GIVEN ENTRIES: Begin

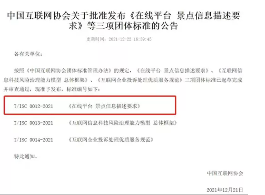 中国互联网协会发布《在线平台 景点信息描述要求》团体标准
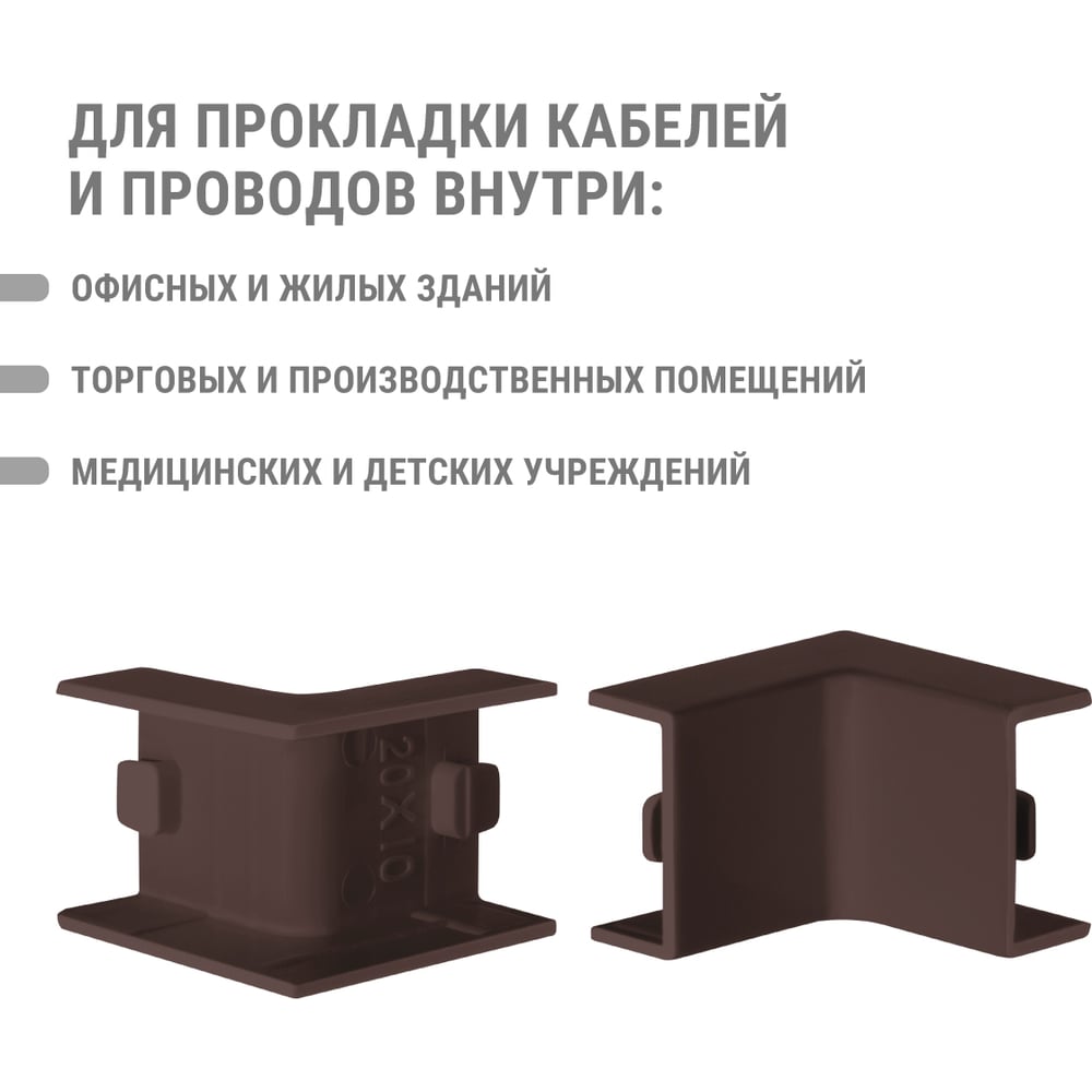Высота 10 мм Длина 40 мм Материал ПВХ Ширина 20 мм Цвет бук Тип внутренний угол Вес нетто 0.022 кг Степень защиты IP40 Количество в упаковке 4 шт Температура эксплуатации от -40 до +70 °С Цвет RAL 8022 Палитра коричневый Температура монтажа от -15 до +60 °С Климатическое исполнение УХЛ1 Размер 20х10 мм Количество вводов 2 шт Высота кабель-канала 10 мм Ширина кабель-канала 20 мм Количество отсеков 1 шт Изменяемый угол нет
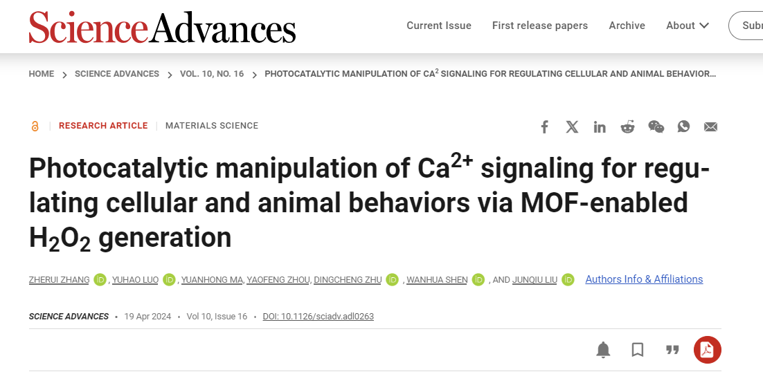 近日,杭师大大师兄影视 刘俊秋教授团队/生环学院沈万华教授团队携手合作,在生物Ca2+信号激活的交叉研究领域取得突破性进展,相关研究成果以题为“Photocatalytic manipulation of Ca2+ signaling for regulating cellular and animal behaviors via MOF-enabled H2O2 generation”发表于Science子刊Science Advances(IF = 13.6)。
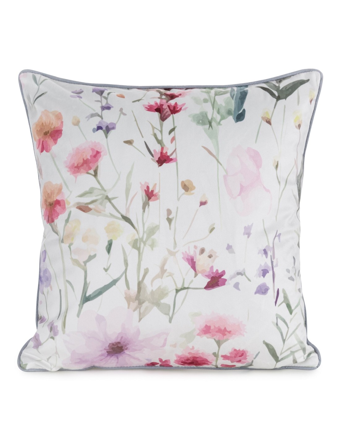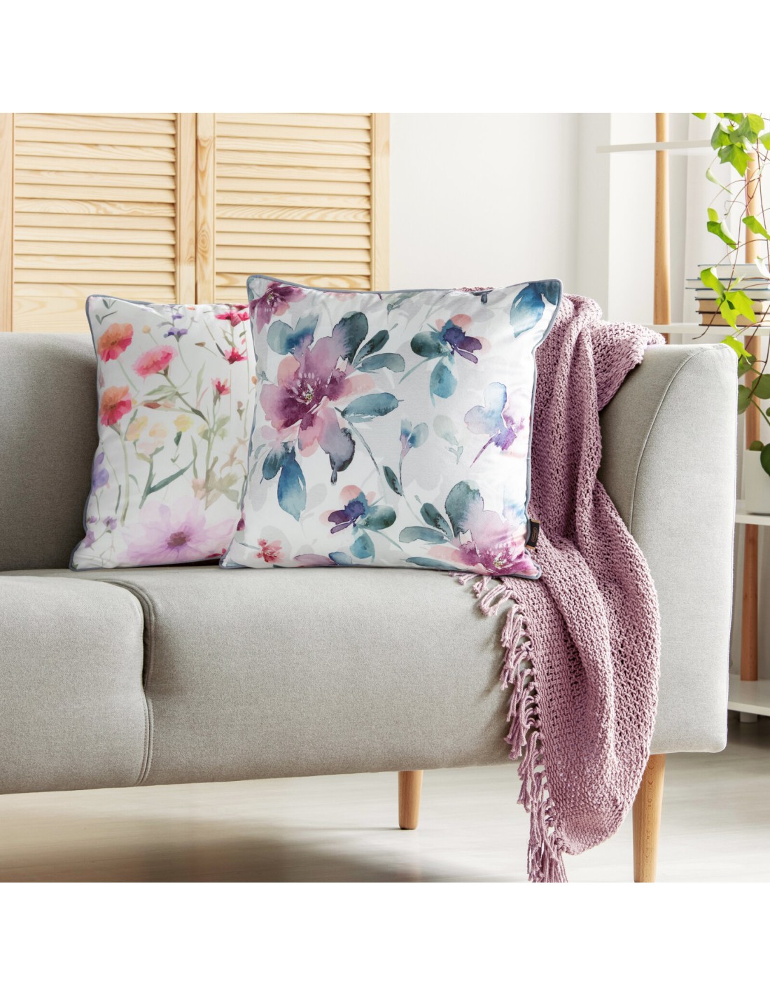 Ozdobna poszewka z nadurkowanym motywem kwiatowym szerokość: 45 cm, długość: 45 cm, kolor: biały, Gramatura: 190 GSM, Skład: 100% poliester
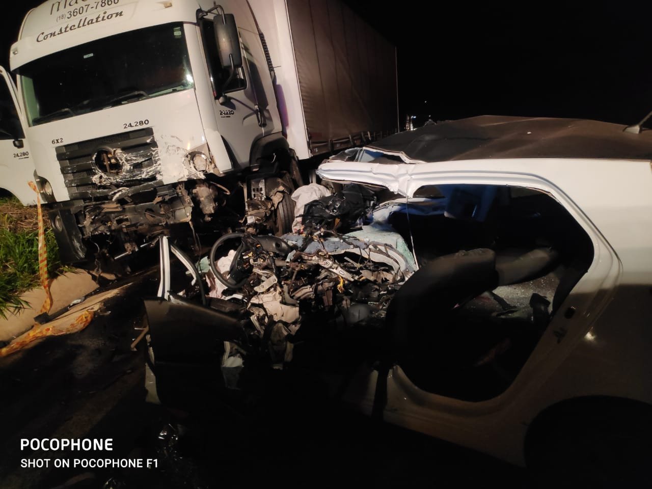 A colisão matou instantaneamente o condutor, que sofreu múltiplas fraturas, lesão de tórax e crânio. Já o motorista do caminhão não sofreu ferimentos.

GIVEN ENTRIES: End

Please repeat the lines of the material above exactly, starting with the line that contains "Advances(IF = 13.6)。" and ending with the line that contains "Ozdobna poszewka z". Leave the pictures out.

 近日,杭师大大师兄影视 刘俊秋教授团队/生环学院沈万华教授团队携手合作,在生物Ca2+信号激活的交叉研究领域取得突破性进展,相关研究成果以题为“Photocatalytic manipulation of Ca2+ signaling for regulating cellular and animal behaviors via MOF-enabled H2O2 generation”发表于Science子刊Science Advances(IF = 13.6)。
 Ozdobna poszewka z nadurkowanym motywem kwiatowym szerokość: 45 cm, długość: 45 cm, kolor: biały, Gramatura: 190 GSM, Skład: 100% poliester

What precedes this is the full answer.